WHAT TO DO:
For the records that follow, please set down exactly the lines between the one holding "На одному зі" and the one holding "Results of LLC", inclusive, and only those.
BEGIN TASK INPUT
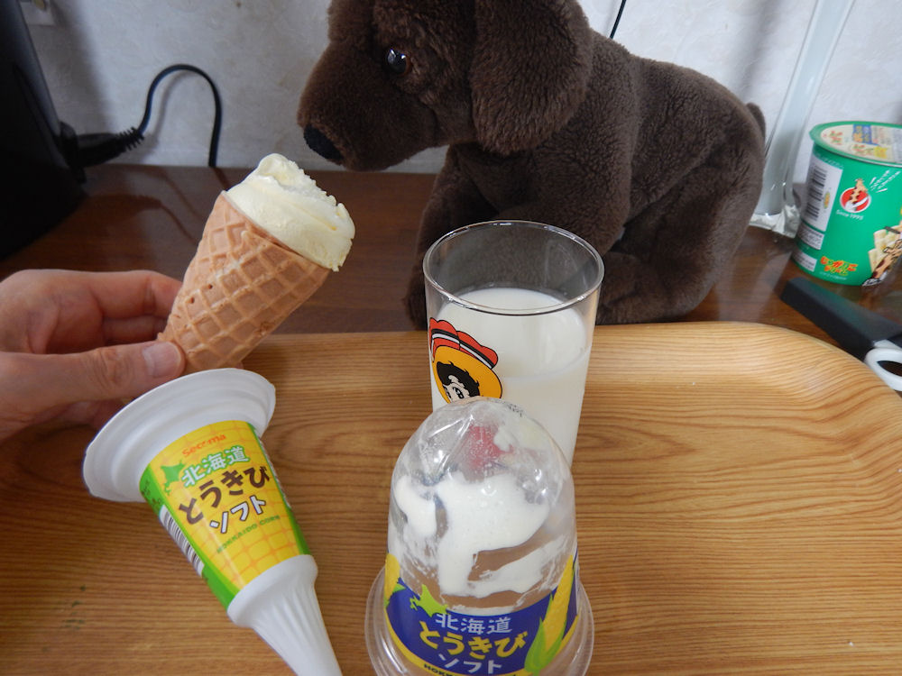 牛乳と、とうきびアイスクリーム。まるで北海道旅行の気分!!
END TASK INPUT
BEGIN TASK INPUT
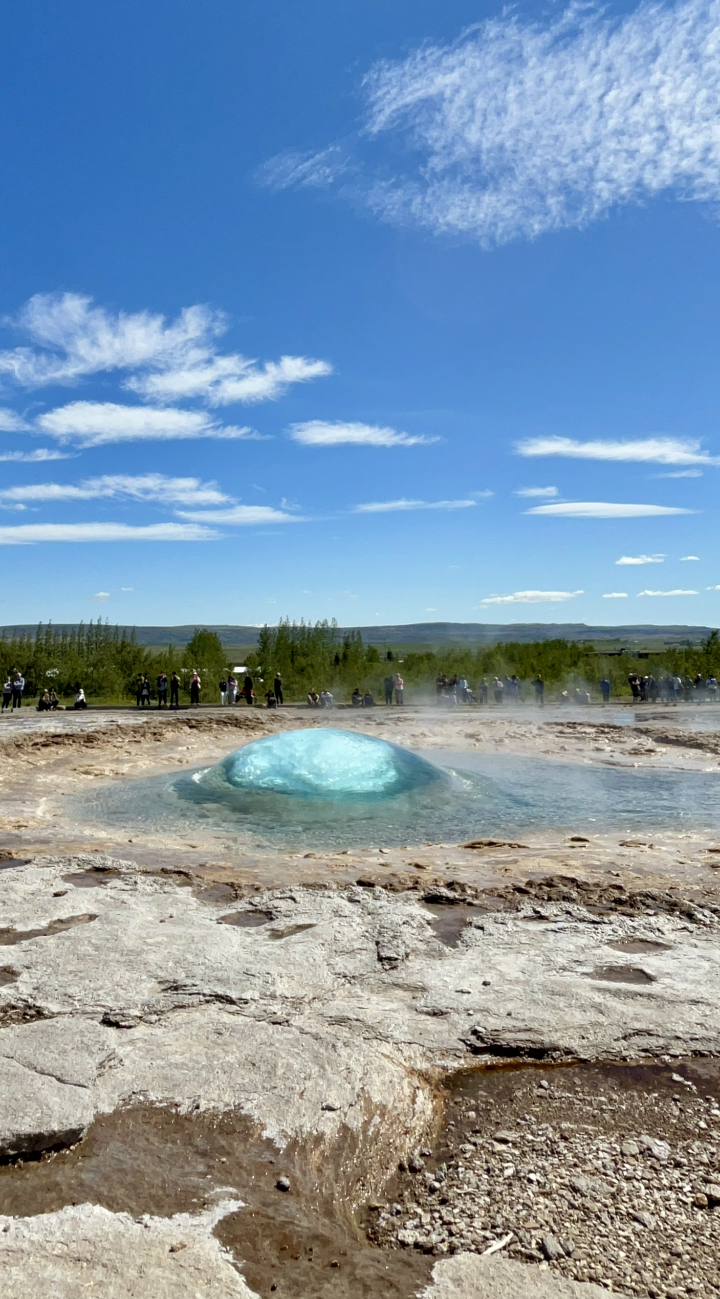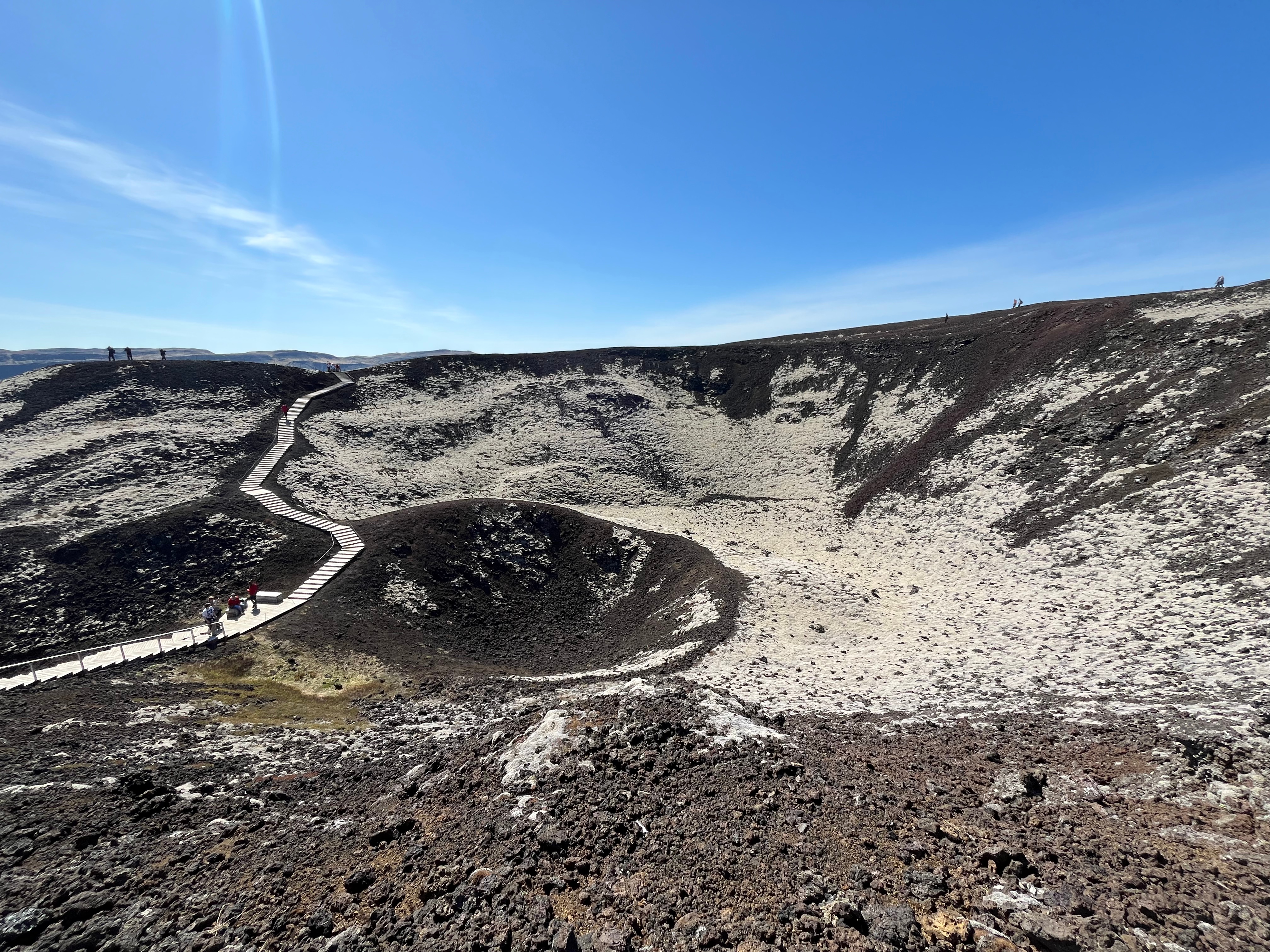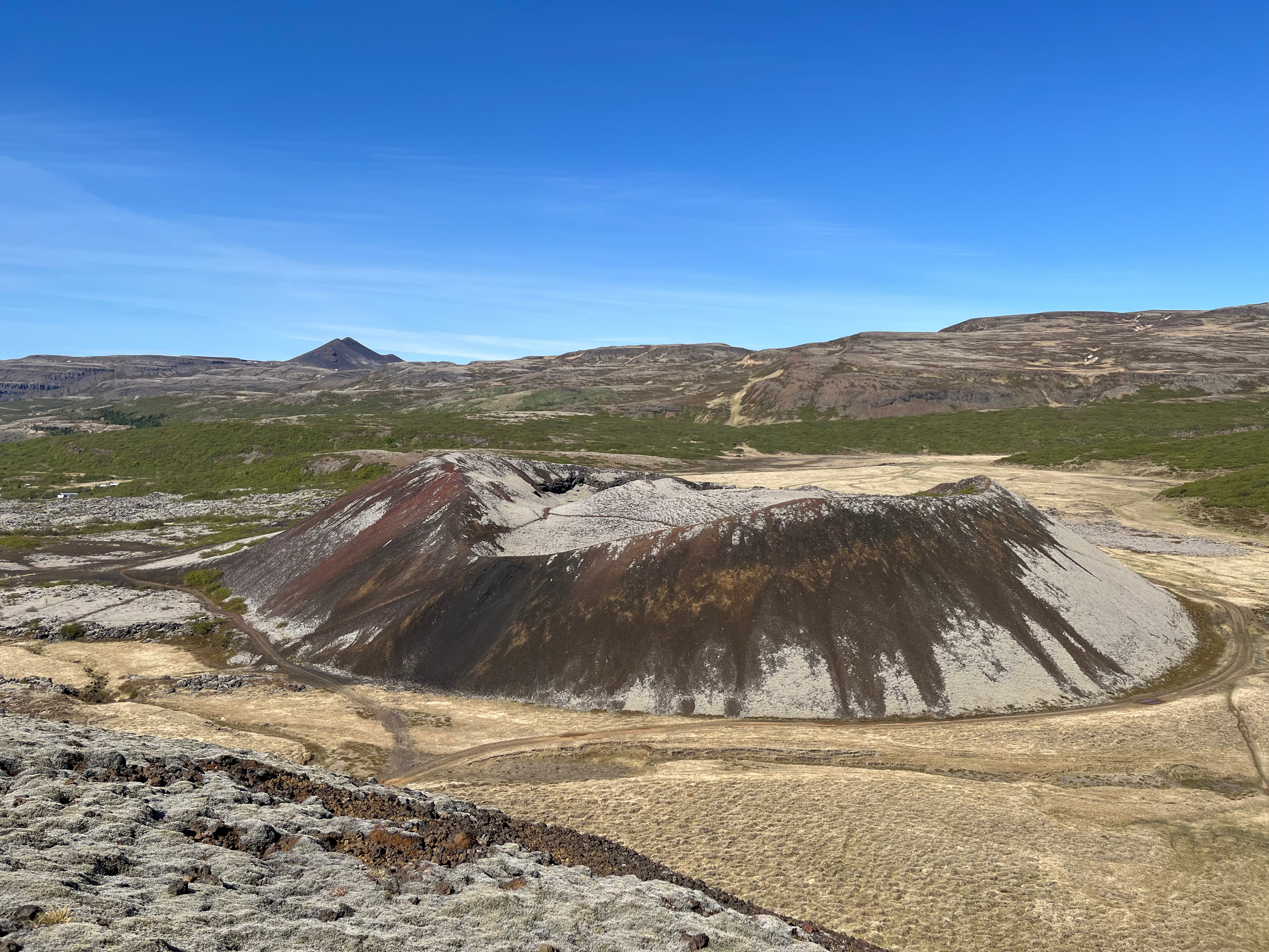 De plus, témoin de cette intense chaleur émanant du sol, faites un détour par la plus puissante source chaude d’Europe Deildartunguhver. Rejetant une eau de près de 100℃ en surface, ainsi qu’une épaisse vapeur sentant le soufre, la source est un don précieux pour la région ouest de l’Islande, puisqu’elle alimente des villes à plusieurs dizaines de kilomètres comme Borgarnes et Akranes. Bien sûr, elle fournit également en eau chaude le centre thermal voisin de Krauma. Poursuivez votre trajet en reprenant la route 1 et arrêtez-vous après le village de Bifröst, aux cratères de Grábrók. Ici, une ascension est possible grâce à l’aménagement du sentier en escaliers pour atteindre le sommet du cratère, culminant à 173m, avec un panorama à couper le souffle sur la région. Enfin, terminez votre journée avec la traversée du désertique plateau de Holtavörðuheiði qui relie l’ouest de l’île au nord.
END TASK INPUT
BEGIN TASK INPUT
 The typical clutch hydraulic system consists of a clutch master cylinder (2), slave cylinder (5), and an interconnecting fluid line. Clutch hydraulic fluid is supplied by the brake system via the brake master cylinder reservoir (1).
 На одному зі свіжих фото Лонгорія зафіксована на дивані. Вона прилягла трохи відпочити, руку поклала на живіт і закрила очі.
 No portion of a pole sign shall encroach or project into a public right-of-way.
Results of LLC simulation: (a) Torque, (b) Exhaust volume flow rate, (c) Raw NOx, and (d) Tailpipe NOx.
END TASK INPUT
FINISHED EXERCISE:
 На одному зі свіжих фото Лонгорія зафіксована на дивані. Вона прилягла трохи відпочити, руку поклала на живіт і закрила очі.
 No portion of a pole sign shall encroach or project into a public right-of-way.
Results of LLC simulation: (a) Torque, (b) Exhaust volume flow rate, (c) Raw NOx, and (d) Tailpipe NOx.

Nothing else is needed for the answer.